CAPÍTULO 31

WHIT

Según pasaban los días, mi hermana y yo logramos evitar la muerte por deshidratación gracias a un hilo de agua que había cerca de la ventana que daba al pozo de ventilación. Esperábamos que fuese agua de lluvia o condensación. Doblando un trozo de alambre hacia delante y luego guiando el otro extremo hasta un arrugado vaso de cartón que habíamos encontrado, podíamos dar un par de tragos cada tres o cuatro horas. Sabía a pared en polvo, pero nos mantenía con vida.

Todo aquel asunto era terriblemente absurdo. La semana anterior, un mal día consistía en quedarme castigado por no haber hecho los deberes de Trigonometría y verme obligado a pasar dos horas en el instituto después de clase con algunos de mis mejores amigos.

Pero en esta última semana, tras el aburrimiento y la depresión de estar en semejante lugar, habría mirado mi pulcro libro de texto como si fuera El libro definitivo de los coches más alucinantes del mundo.

Una tarde estaba acostado en el colchón pensando en Celia, esperando que ella regresara, aunque fuera en otro sueño, cuando mi hermana exclamó:

—¡Whit! ¡Whit! ¡WHIT! ¿Puedes hacerme caso, por favor? ¡WHITFORD!

La voz de Wisty me trajo de vuelta a la horrible realidad. Mantuve los ojos cerrados, intentando hundirme nuevamente en mis pensamientos acerca de Celia.

—¡Whit! —me dio un golpe en la pierna con su estúpida baqueta—. ¡Abre los ojos ahora mismo!

—¡Ay! ¿Qué es tan importante? —me quejé, al tiempo que me levantaba y le quitaba de un tirón la baqueta, enfadado—. ¿Ha llegado ya la pizza?

Mi hermana se encontraba frente a mí, sosteniendo el diario.

—¡Mira esto! —me dijo ella, agitando ante mis ojos aquel libro polvoriento.

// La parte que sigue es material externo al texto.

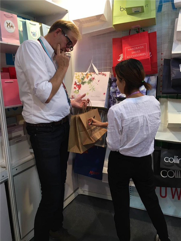 本次展會上海麥禾包裝展出的產(chǎn)品主要是各類紙質(zhì)包裝袋,主要有服裝袋、禮品袋、食品袋、打包袋等。
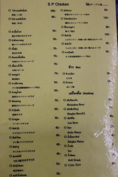旧市街ワットプラシンの南にあるイサーン料理店ですが、入口の巨大グリルで何羽ものチキンを丸ごと焼いているのですぐわかります。雰囲気はオープンエアの気取らない食堂といった感じで、入りやすいです。ここでは何をおいてもまずガイヤーンをたのむべきでしょう。ハーフサイズ80バーツ(270円)です。ここのガイヤーンはもも鶏を使う他店と違い、丸鶏をブツ切りにして出てきます。焼き立てなのでジューシーで肉の旨味が半端ないです。他のメニューもほとんど100バーツ以下です。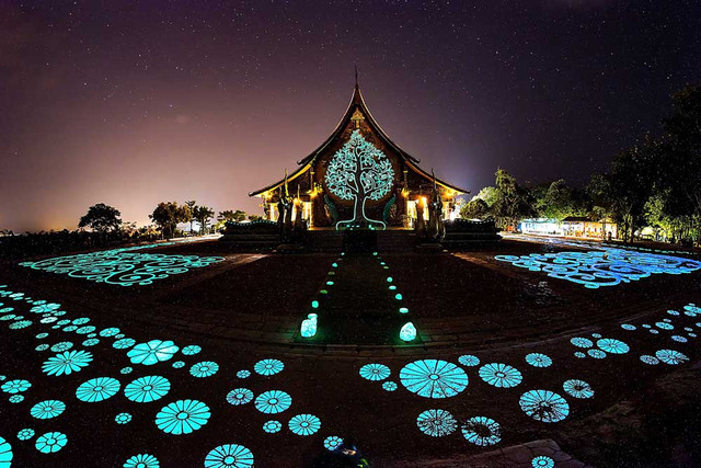 这座庙的结构有别于一般寺庙,只有一面墙,其余三面是中空的。而墙的背面是一幅巨型的菩提树壁画,绿色的生命树图腾嵌在高大的佛堂墙壁上,连着地上的图腾花纹,涂上了夜光物料,入夜便会发出绿色的光,异常美丽。寺庙坐落在悬崖上,由此可以俯瞰湄公河美景,同时也是观赏日落及星星的好地方。

Agarré el tomo y examiné la cubierta. No veía ninguna diferencia.

—¿Y qué? Es viejo, está mohoso, no sirve para nada.

—Hojea las páginas. Hazlo, venga. Hazme caso.

Entonces vi lo imposible. De repente, el diario estaba lleno de palabras, cuadros, ilustraciones. Y de anotaciones con una letra que parecía la de mi padre.

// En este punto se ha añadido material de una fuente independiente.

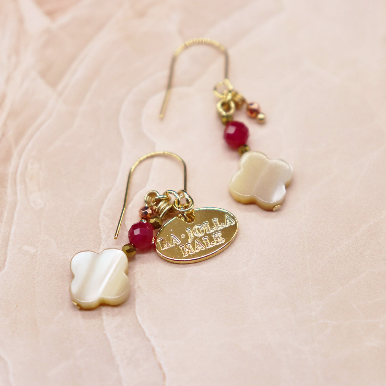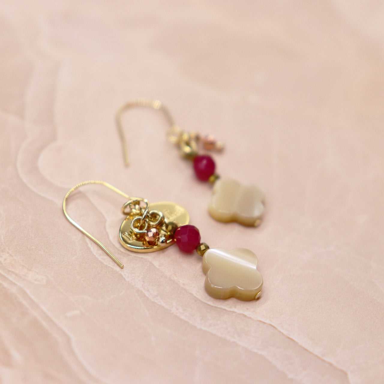 【Flames of Crimson】人工ルビー×マザーオブパール ピアス

—Vaya por… —me puse de pie—. Es el siguiente libro de la saga de Percival Johnson. Se suponía que no iba a salir hasta el próximo año —dije—. Qué interesante. El ladrón del trueno era uno de mis libros favoritos de todos los tiempos.

—¿Qué? —exclamó Wisty—. ¿Estás viendo lo mismo que yo?

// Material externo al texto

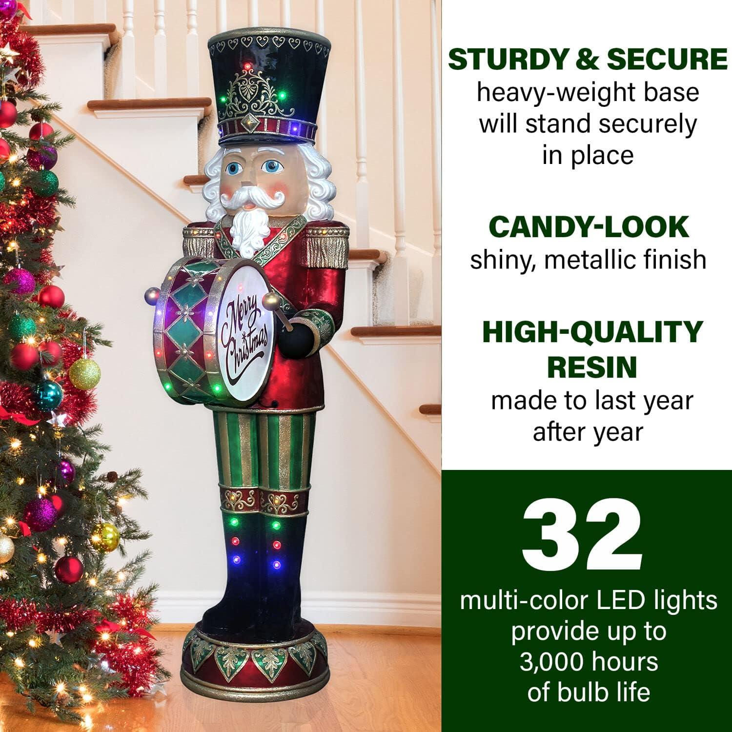 Fraser Hill Farm FFRS072-NC5-RD Indoor/Outdoor 6-Ft. Nutcracker Playing Bass Drum with Moving Hands, Music, Timer, and 32 LED Lights Holiday Decoration, Color 4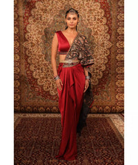 ADITI GUPTA - Red Jamawaar Draped Saree Skirt

Pasé unas cuantas páginas.

—¡Genial! —eché un vistazo más adelante—. ¡El libro definitivo de los coches más alucinantes del mundo!

—Espera un momento… ¡Yo no he visto nada de eso! —Wisty me arrebató el libro de nuevo—. ¡No, no, tiene la Historia del Arte Mundial! Y los cuadros de mis artistas preferidos, Pepe Pompano y Margie O’Greeffe. ¡Y también todas mis novelas favoritas! —hojeó las páginas—. ¿Lo ves?

Sostuvo el diario bajo de mi nariz, con las páginas abiertas.

—Mira, las obras completas de mi escritora favorita, K. J. Meyers. Y Los cianotipos de Bruno Genet. Y la Saga de Firegirl. ¡Está todo aquí!

Volví a mirar. Esta vez, lo que había allí era un número especial de Compendio de bañadores, edición de lujo.

—Whit… creo que ya lo entiendo —dijo Wisty con cierto temor—. El libro le muestra a cada uno lo que quiere ver.

Sus ojos se agrandaron y se me quedó mirando.

—Es mágico. Por eso papá te lo dio.

Volví a quitarle el diario a Wisty.

—Muéstrame dónde está Celia —intenté sin entusiasmo, pero tras decirlo, no pude evitar contener el aliento mientras esperaba que apareciera algo.

Nada. A menos que El libro definitivo de los coches más alucinantes del mundo pudiera, de alguna manera, llevarme hasta ella.

—Tenemos que descubrir cómo funciona —dijo Wisty, nerviosa—. Sé que piensas que me estoy volviendo loca, pero estoy empezando a creer en nosotros. En nuestra magia. Solo tenemos que practicar, Whit. Tenemos que intentarlo con más fuerza. Tal vez sí que eres un mago. Y tal vez yo soy una bruja.